The German Tool Museum

Tools for success

The German Tool Museum shows what people in the area have invented and developed over the years: from Stone Age clubs to high-tech tools in the computer age. It’s no secret that the museum is located in Remscheid. For centuries the town has been an important centre of tool manufacturing and the home of many inventors and creative minds. Countless tools have been – and are still being  exported from here all over the globe, thereby making Remscheid known throughout the world.

How to be a (temporary) toolmaker

When the steam engine in the German Tool Museum is set in motion the noise is impressively loud. The machine marked a decisive step forward in the development of toolmaking in Remscheid. At first people worked in the valleys with the help of water power, but from the middle of the 19th century they finally had access to a source of energy which was independent of any particular locality and could be used to produce tools in modern factories.

The museum has a lot of things for visitors to discover and – literally – to grasp. There are places where you can test your skills at being a lathe operator, a locksmith or a file cutter and try out the original tools.

How merchants lived

The adjacent Haus Cleff museum tells visitors about the lives of the merchants who sold the tools abroad. Haus Cleff was built in rococo style in 1778/1779.

In the beginning was waterpower

In the Steffenshammer building you can find out how everything began with waterpower. The old blacksmith’s workshop is situated in the Gelpe valley, around 15 minutes walk from the German Tool Museum. During the summer months the old water wheel rotates on regular occasions and blacksmiths work here.

The Trail of Tools

The Trail of Tools begins only a few minutes walk away from the German Tool Museum. It allows visitors to get a palpable idea of industrial heritage from the perspective of the railway, and also provides information on firms and their products.

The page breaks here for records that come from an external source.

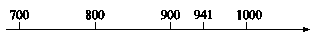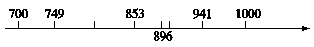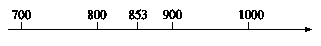 700和800中间为750,800和900中间为850,900和1000中间为950。看所给的每个数分别接近多少。853接近850,应写在850的右侧,如图: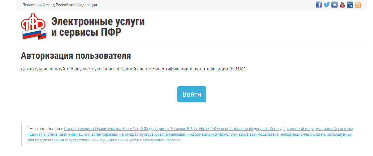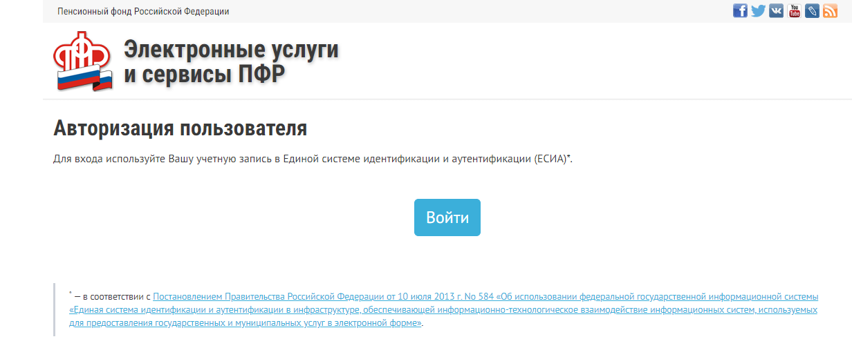- Появится окно сайта Госуслуг. Нужно нажать кнопку «войти». Программа автоматически перенаправит пользователя в личный кабинет ПФР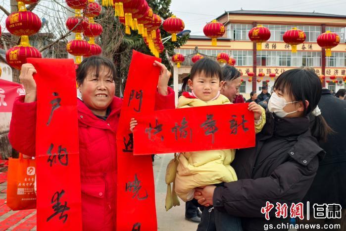 文化服务区同样热闹非凡,书法家们挥毫泼墨、笔走龙蛇,一幅幅寓意吉祥的春联与“福”字跃然纸上。领到春联的村民小心翼翼捧着墨迹未干的作品,脸上洋溢着幸福的笑容。一旁的流动图书车敞开“书香之门”,少儿绘本、经典名著、农技书籍等各类读物整齐排列,大人小孩静心挑选、细细翻阅,墨香与书香交织弥漫,氤氲出浓浓的新春文化气息。与此同时,“送文化到家”行动也在同步进行,将定制字画与承载徽县本土文化的《青泥岭》杂志送到部分离任村干部、老党员手里,切实把文化关怀与新春祝福送到特殊群体心坎上。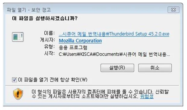 Thunderbird Setup.exe 파일을 더블-클릭한다. 그러면 이 파일을 실행할 것인지 묻는 다이얼로그 박스가 나온다.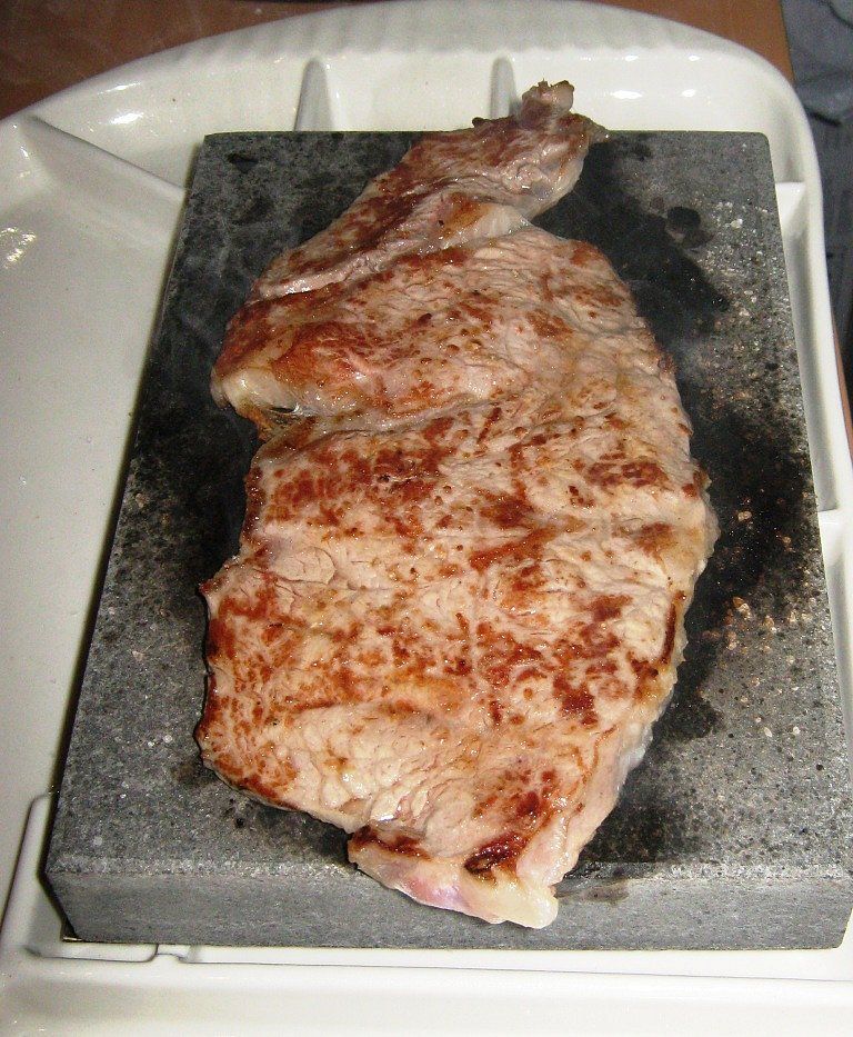 Один мой знакомый друг так восхитился этой весчью, что после посещения ресторана купил такой же камень и отправил родственникас в Россию с подробным объяснением как этим чудом пользоваться.Итак, мясо на камнях. Как говорят французы «plat convivial» — те есть теплое блюдо, способствующее общению и сближению сотрапезников, собравшихся вокруг оного. По сути, аналог костра и спиртного, когда люди собираются вокруг, общаются, выпивают и им становится тепло и уютно, от тепла и алкоголя развязывается язык и общение бежит ручейком.
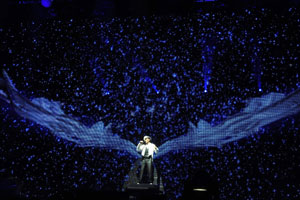 華仔昨晚除了載歌載舞,間中還穿插魔術(shù)秀、音樂劇等,其中音樂劇環(huán)節(jié),他就找來2位辣妹dancers共舞,左擁右抱,又貼身熱舞,又緊緊抱在一起;魔術(shù)秀環(huán)節(jié),還認女助手為“女朋友”,羨煞現(xiàn)場所有女歌迷!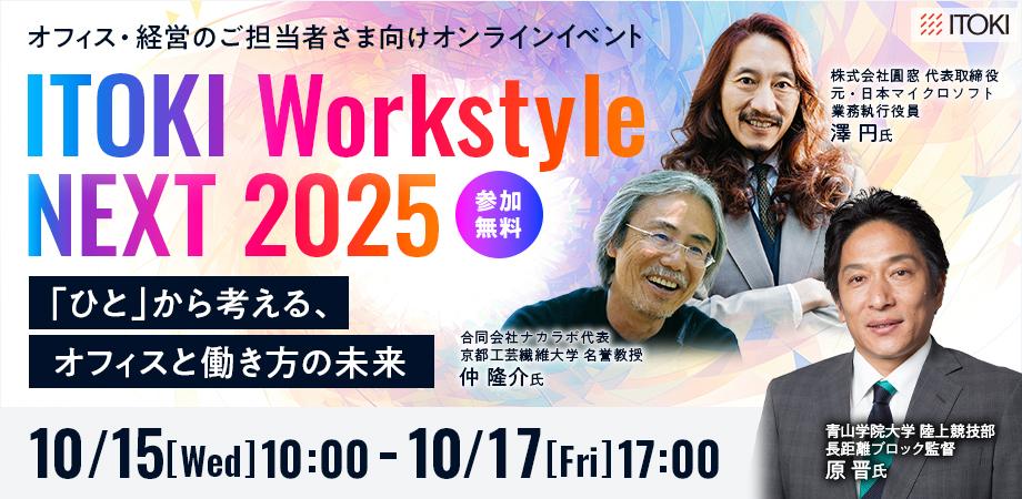 ITOKI Workstyle NEXT 2025「ひと」から考える、オフィスと働き方の未来10/15(水)10:00 ~ 10/17(金)17:00 オンライン開催 ... powered by Peatix : More than a ticket.

The roots of the Remscheid tool industry lay in the streams running along the valley. With the help of hydraulic power high-class steel was forged and processed there. The invention of the steam engine around 1850 made manufacturers independent of this form of energy. Factories now expanded along the hills like a belt around the town centre of Remscheid. From there the goods and raw materials were transported elsewhere by rail.

The railway is now part of the past and its track has been completely redesigned as a trail for pedestrians and cyclists. Markings in the path show passers-by products made by local companies.